Sergey Ioffe of Mountain View CA (US)

Corinna Cortes of New York NY (US)

IMAGE CLASSIFICATION USING BATCH NORMALIZATION LAYERS - A simplified explanation of the abstract

This abstract first appeared for US patent application 20240249138 titled 'IMAGE CLASSIFICATION USING BATCH NORMALIZATION LAYERS

The patent application describes methods, systems, and apparatus for processing images using an image classification system with a batch normalization layer.

  • The system includes a convolutional neural network that generates scores for different object categories in an image.
  • The convolutional neural network consists of multiple layers, including a batch normalization layer.
  • The batch normalization layer helps improve the training speed and stability of the neural network.

Potential Applications:

  • Image recognition and classification in various industries such as healthcare, security, and autonomous vehicles.
  • Enhancing the accuracy and efficiency of image processing tasks in research and development.

Problems Solved:

  • Improving the performance and reliability of image classification systems.
  • Addressing issues related to overfitting and training instability in neural networks.

Benefits:

  • Increased accuracy in identifying objects in images.
  • Faster training times for neural networks.
  • Enhanced performance in real-world applications.

Commercial Applications:

  • This technology can be utilized in industries such as e-commerce for product recognition, in healthcare for medical image analysis, and in security for surveillance systems.

Prior Art:

  • Researchers can explore prior art related to image classification systems, convolutional neural networks, and batch normalization techniques in the field of computer vision.

Frequently Updated Research:

  • Stay updated on advancements in convolutional neural networks, image processing algorithms, and batch normalization techniques to enhance the performance of image classification systems.

Questions about Image Classification Systems: 1. How does the batch normalization layer improve the performance of convolutional neural networks in image classification? 2. What are the potential challenges in implementing this technology in real-world applications?

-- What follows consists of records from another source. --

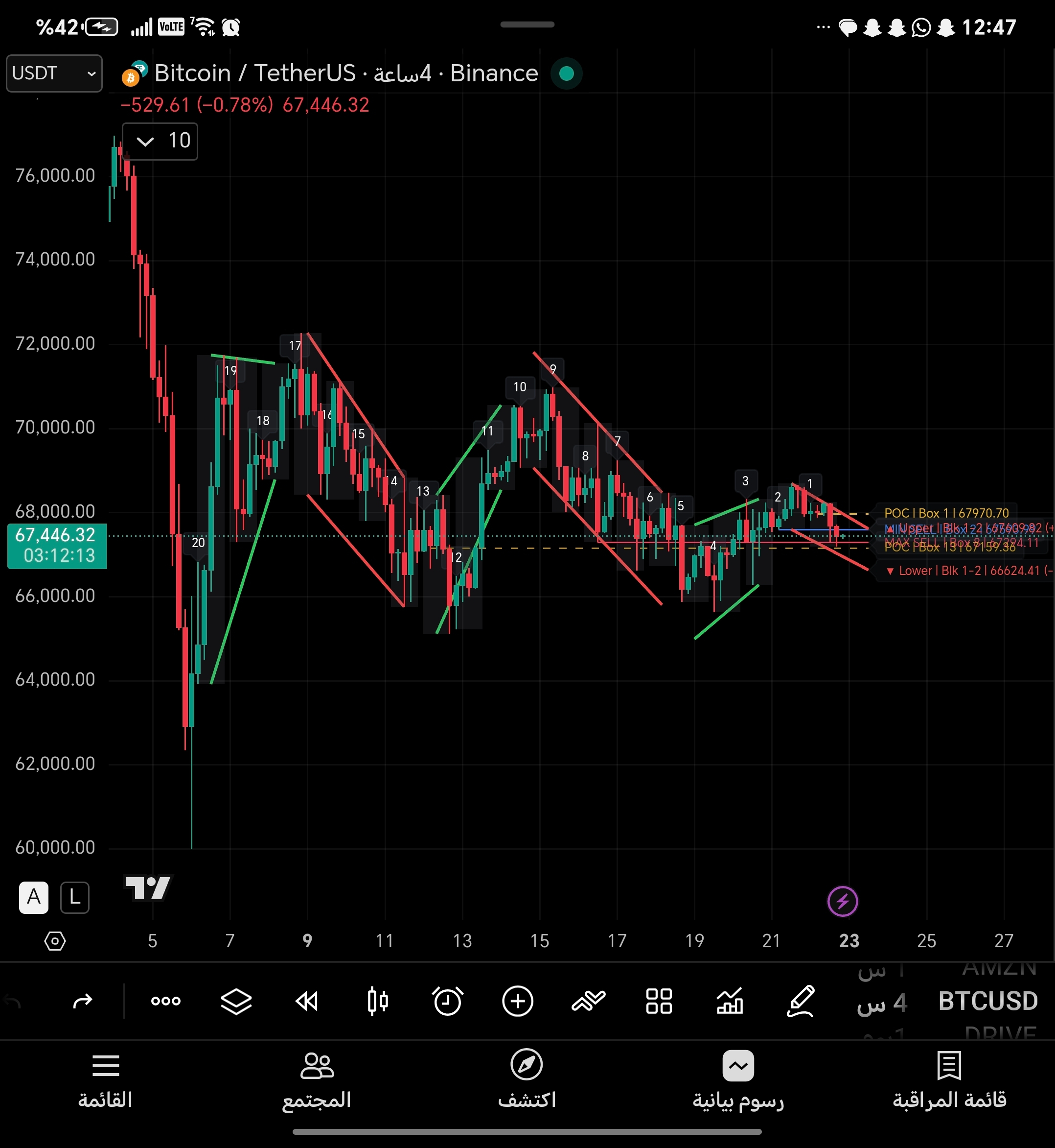 Lưu ý quan trọng: giá đã gần đến giới hạn kênh trên tại 67609.82 (khoảng cách %0.27). Giá gần đến POC 67970.70. Giá gần đến giới hạn kênh dưới tại 66624.41 (khoảng cách %1.19). Giá gần đến mức POC 67159.36, nơi thường chứng kiến khối lượng giao dịch cao. Giá gần đến MIN SELL | Box 2 @ 67593.99 (khoảng cách %0.25). Giá gần đến MAX SELL | Box 8 @ 67294.11 (khoảng cách %0.2).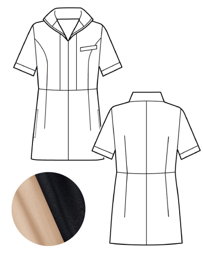 足をすらりとなく見せる高めのウエストラインと知的なスタンドカラーが特徴のエレガントなウェア・左胸/両脇ポケット・前ファスナー開き・胸ポケット内側共布ループ付き 素材:ポリエステル100% 機能:防透・制電・ストレッチ・撥水・撥油・防汚・吸汗・速乾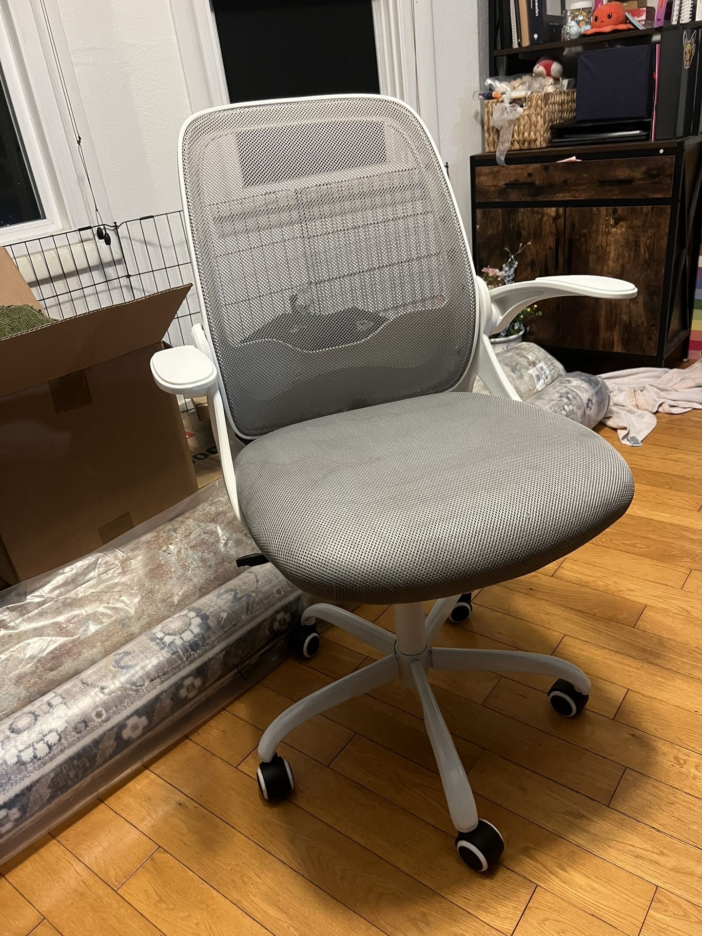 Breathable back and seating Holder in the back Handle on the side Looks a bit dirty in the pictures because I tried to clean it up and sadly it looks like just smudged water and probably layered dirt. Chair works well, I would just cover the seating if aesthetic is not there for you.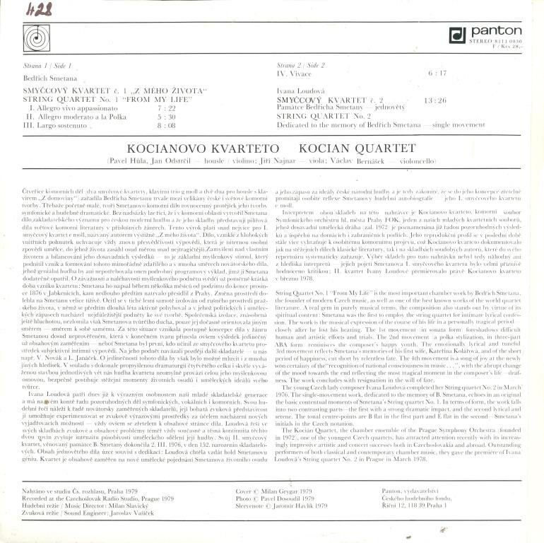 B. Smetana - Smyčcový kvartet č. 1, I. Loudová - Smyčcový kvartet č. 2
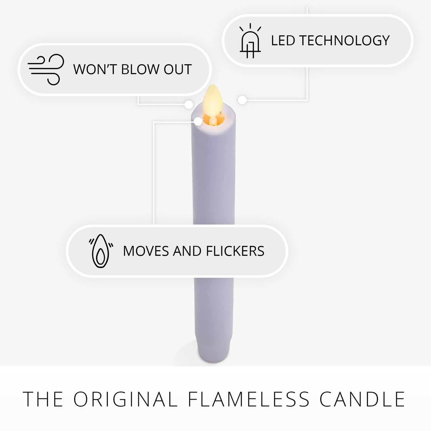 Luminara Flameless Candle Taper (1'' X 9.5'') Melted Top Real Wax Unscented Remote Ready Timer (Gentle Lavender)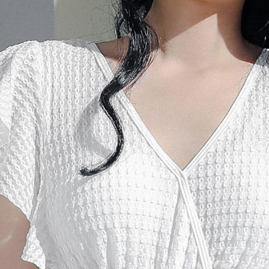 女性らしい柔らかい雰囲気を演出してくれるカシュクール風ワンピース水着です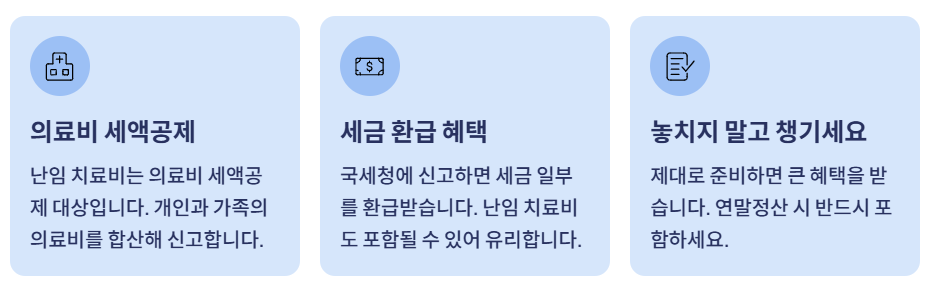 ※ 난임 치료비라도 치료 목적이 분명하지 않은 비용은 대상에서 제외될 수 있습니다. 그리고 모두 병원 발급 영수증이나 납입증명서가 있어야 합니다.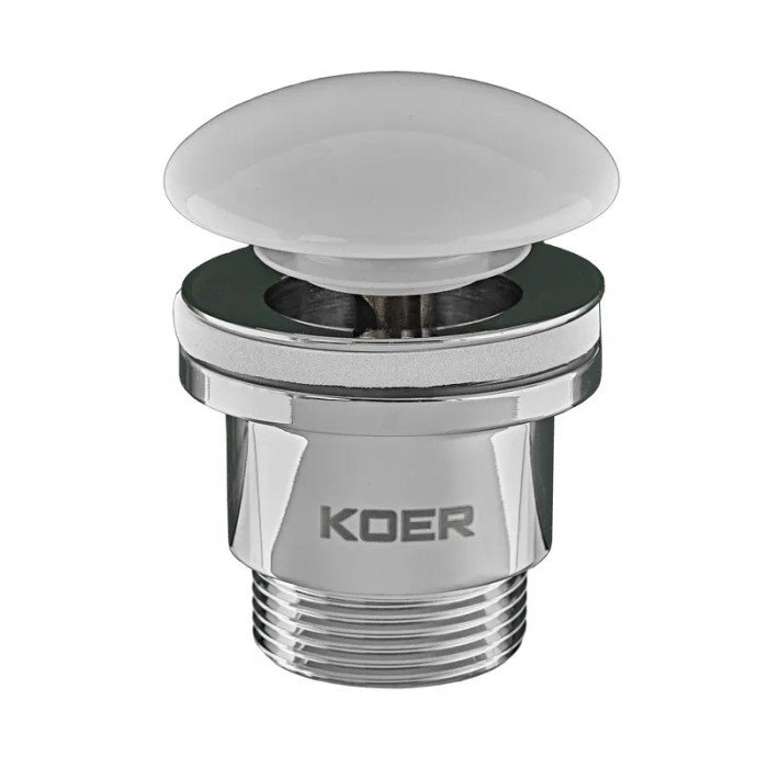 Донний клапан для раковини універсальний (з/без переливу) Koer PW-01-11 автоматичний (Click-Clack) (Біла керамічна накладка) 1 1/4'' (KR3405)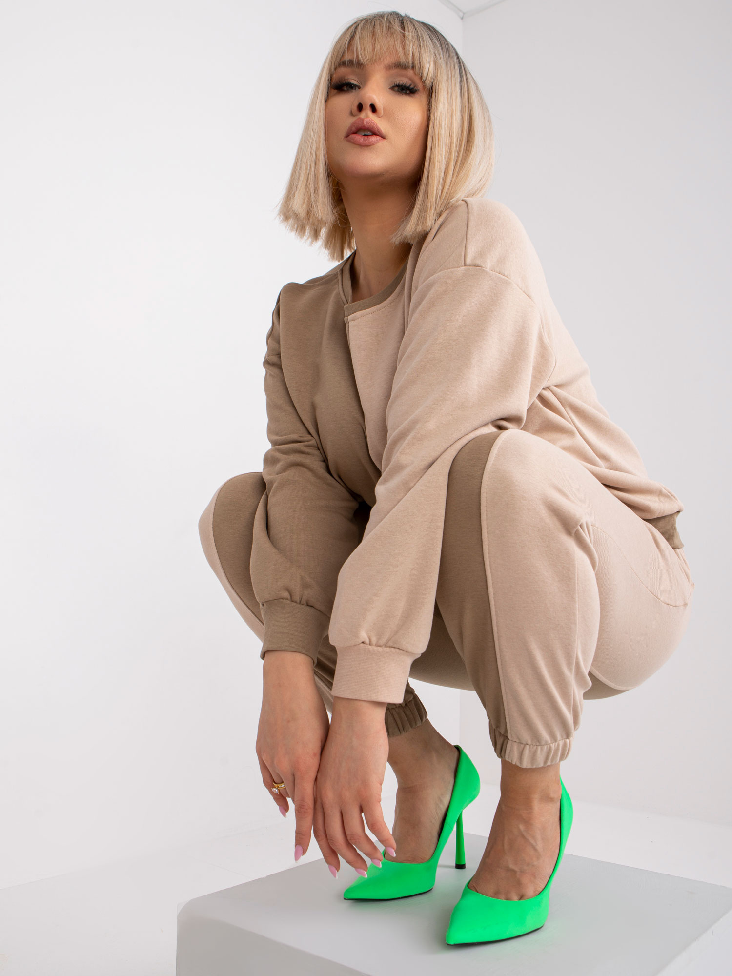 Wymiary kompletu w rozmiarze L/XL mierzone na płasko: szerokość pod pachami – 59 cm, długość rękawa – 59 cm, długość bluzy – 63 cm, szerokość w pasie – 36 cm, długość spodni – 96 cm.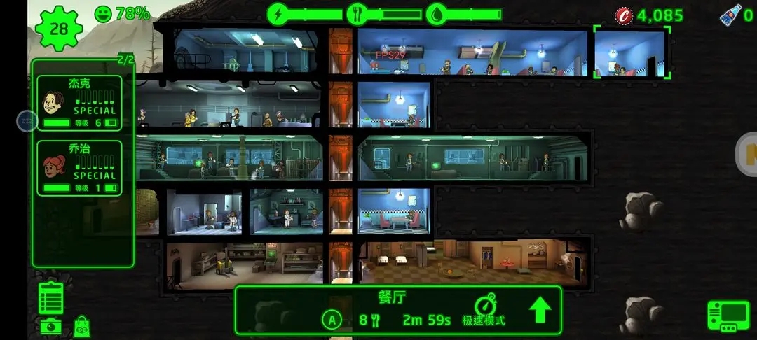 2. 管理居民的幸福度、健康值和生产力,维持避难所的平衡。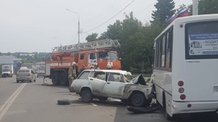 В результате, произошло столкновение с рейсовым автобусом, который ехал по маршруту «ДК Мешковой – терминал п. Первомайский». В салоне находились четверо пассажиров.
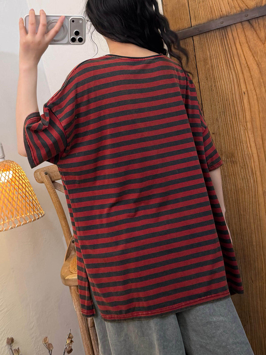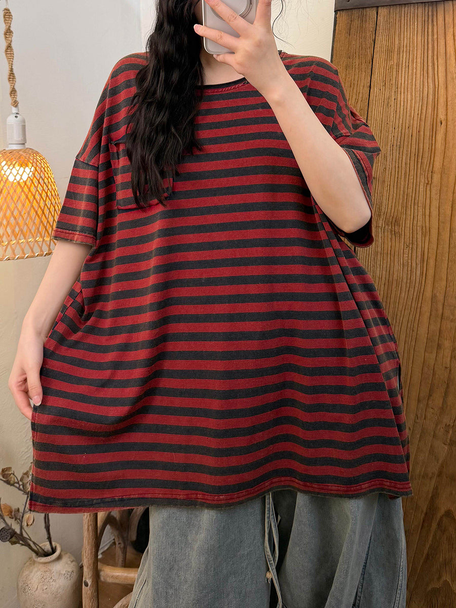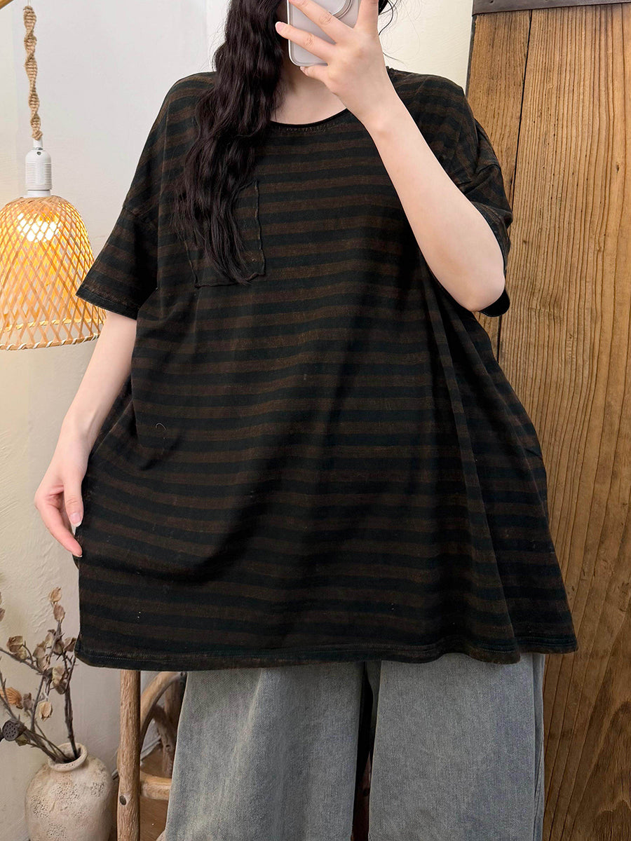 Camisa informal de verano con rayas y cuello redondo para mujer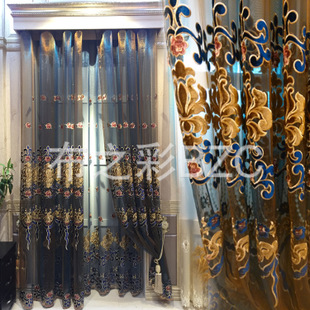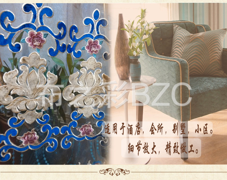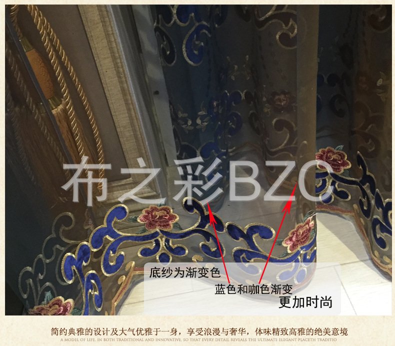 高端欧美风格渐变蓝咖啡色意大利贴绒绣花纱厂家直销批发窗帘布料¥76.00¥91.2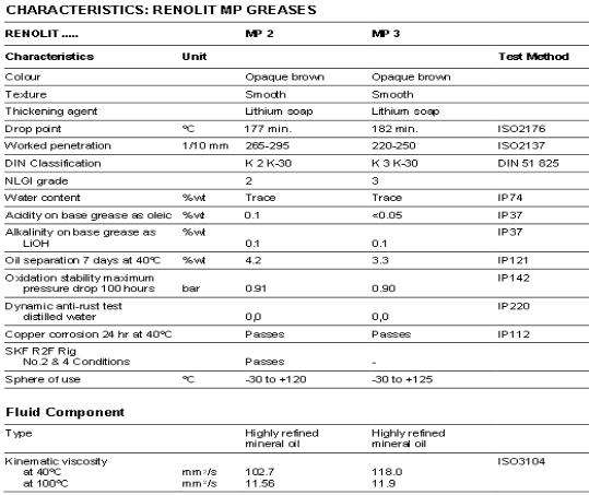 RENOLIT MP的潤滑脂含有的抗氧化劑,抗,激活金屬腐蝕和抗磨損添加劑。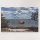 La scène de ce Puzzle est une photo originale de ZoeSPEAK d'un voilier échoué dans les eaux peu profondes. Sur la photo, le bateau rouge est incliné d'un côté, encadré de palétuviers, d'un rivage sablonneux et d'un grand ciel bleu rempli de nuages blancs caillouteux.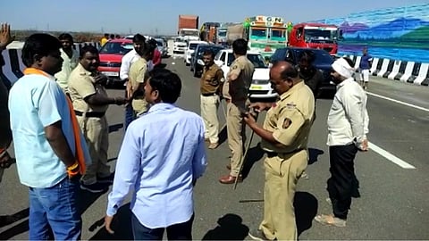 राज्यातील अनेक जिल्ह्यांमध्ये रास्ता रोको आंदोलन करण्यात येत आहे. या आंदोलनाचा सार्वजनिक वाहतुकीला मोठा फटका बसला आहे. दरम्यान, जालन्यात संतप्त मराठा आंदोलकांनी थेट मुंबई-नागपूर समृद्धी महामार्ग (Samruddhi mahamarg) अडवला आहे.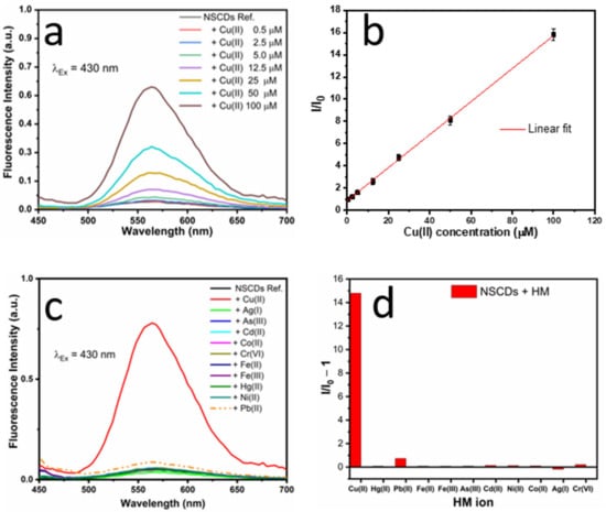 - Chen, S.; Chen, C.; Wang, J.; Luo, F.; Guo, L.; Qiu, B.; Lin, Z. A Bright Nitrogen-doped-Carbon-Dots based Fluorescent Biosensor for Selective Detection of Copper Ions. J. Anal. Test. 2021, 5, 84–92. [Google Scholar] [CrossRef]
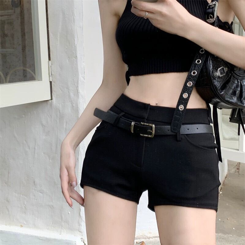 黒ハイウエスト小さなカジュアルショーツ女性の夏のアメリカンセクシーなパンツスリムストレートワイドレッグパンツ ハイウェスト ブラック サマー 夏物 ブルマー ワイドパンツ bstraw40218985496 | beaute25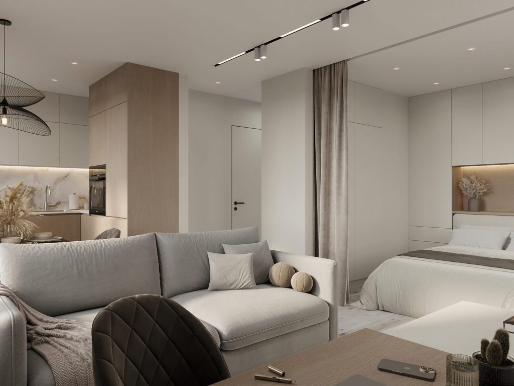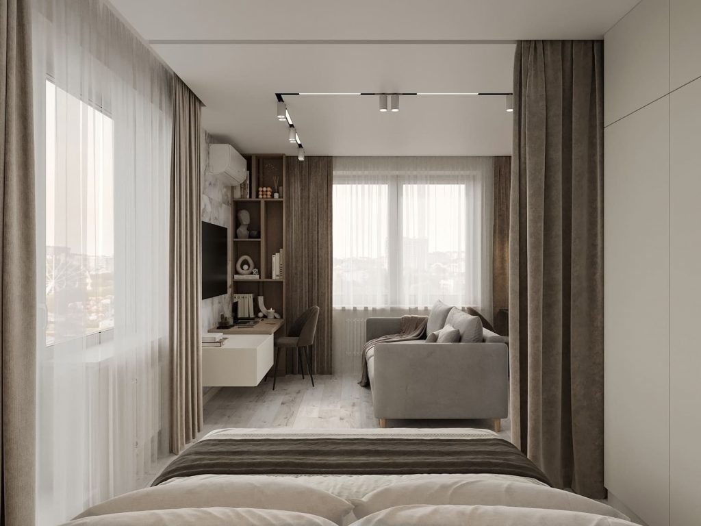 Грамотная перепланировка позволила объединить кухню и гостиную, выделить комфортную спальную зону и разместить всё необходимое для жизни и учебы. Светлые оттенки, натуральные текстуры и мягкие линии делают интерьер лёгким и воздушным, а продуманное зонирование помогает использовать каждый метр с максимальной пользой. Ванную заменили на душевую, встроенные системы хранения скрывают бытовые мелочи, а мебель и декор подобраны в спокойных натуральных оттенках. Здесь есть всё, чтобы отдыхать, учиться и наслаждаться комфортом в уютной атмосфере.

Original Abstract Submitted

methods, systems, and apparatus, including computer programs encoded on computer storage media, for processing images or features of images using an image classification system that includes a batch normalization layer. one of the systems includes a convolutional neural network configured to receive an input comprising an image or image features of the image and to generate a network output that includes respective scores for each object category in a set of object categories, the score for each object category representing a likelihood that that the image contains an image of an object belonging to the category, and the convolutional neural network comprising: a plurality of neural network layers, the plurality of neural network layers comprising a first convolutional neural network layer and a second neural network layer; and a batch normalization layer between the first convolutional neural network layer and the second neural network layer.